For loss metrics such as mse, rmse, and mae, keep maximize=False. For custom reward metrics, set maximize=True.

When a forecasting runner already has a complete window plan, pass explicit splits instead of another window:

splits = [
    (range(0, 120), range(120, 132)),
    (range(0, 132), range(132, 144)),
]

result = mf.model_selection.select_params(
    "ridge",
    X,
    y,
    search=mf.model_selection.grid({"alpha": [0.01, 0.1, 1.0]}),
    splits=splits,
)

select_params() validates explicit splits before fitting:

each split must contain non-empty train and validation integer positions
positions must be inside X/y
train and validation positions cannot overlap
by default, train positions must precede validation positions
boolean masks are allowed only when mask length equals the aligned sample

Non-temporal folds are opt-in:

random_window = mf.window.random_kfold(n_splits=5, random_state=123)

result = mf.model_selection.select_params(
    "elastic_net",
    X,
    y,
    search=search,
    window=random_window,
)

mf.window.random_kfold(...) records that the fold assignment is intentionally random and the selection metadata stores temporal_order=False. If you pass explicit random folds yourself, set allow_non_temporal_splits=True; otherwise select_params() raises. This keeps ordinary macro-forecast validation time-aware while still allowing paper replications whose appendix used random iid folds.

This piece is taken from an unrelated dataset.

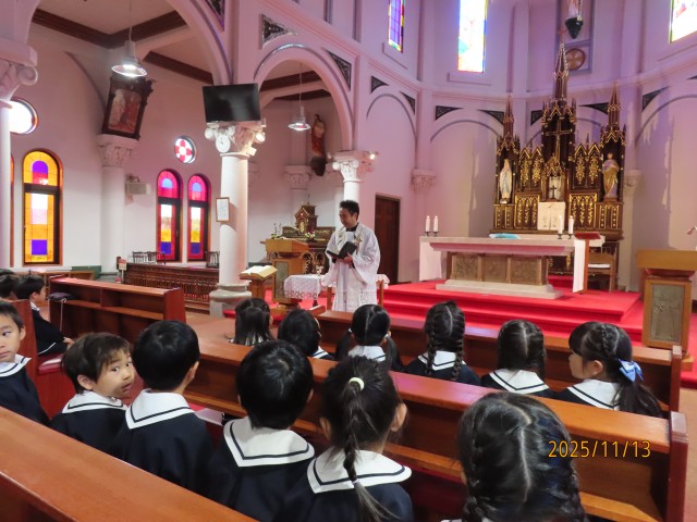 鶴崎神父様が、「自分にできることをすることが、相手(お家の方や周り方を喜ばせる)プレゼントですよ」と子ども達にわかりやすくお話してくださいました。
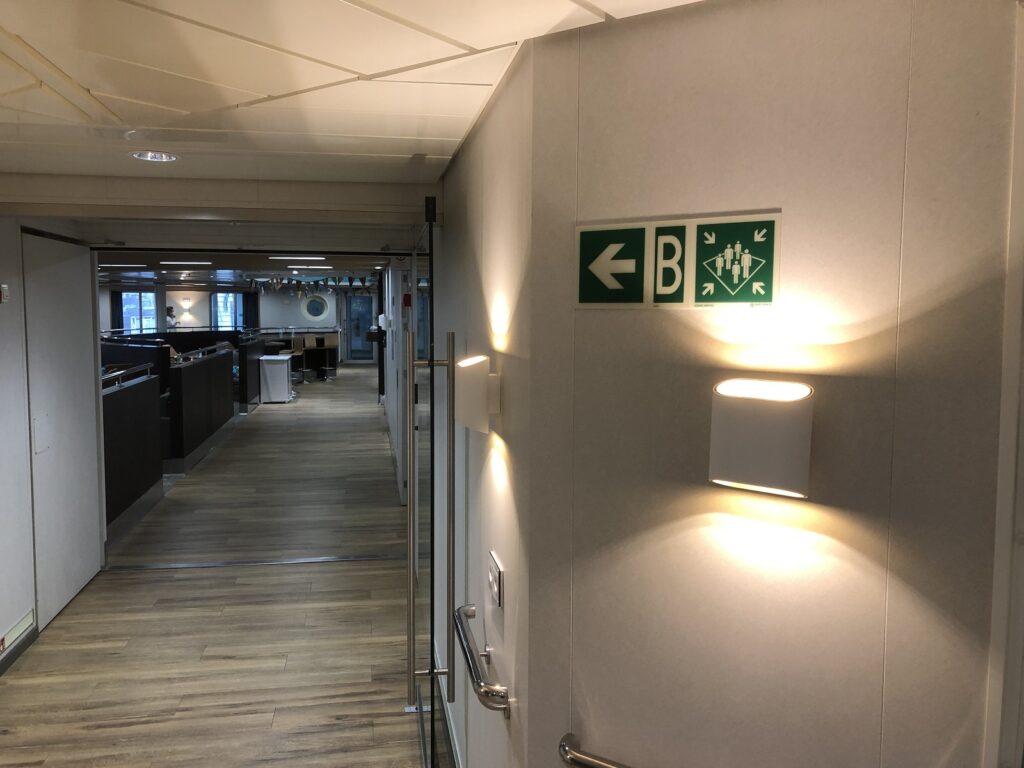 De duidelijk gemarkeerde vluchtroutes op ooghoogte zorgen ervoor dat iedereen aan boord gemakkelijk de snelste weg naar veiligheid (de assembly stations) kan vinden, zelfs in stressvolle situaties.

SearchResult.window is "explicit_splits" when splits is used. Metadata stores split_source, n_splits, and a compact split_summary with counts and position bounds for each split.

When a ModelSpec already carries fixed parameters, select_params() keeps those fixed during every candidate fit and stores them in SearchResult.metadata["fixed_model_params"]. The selected best_params remain the searched candidate parameters.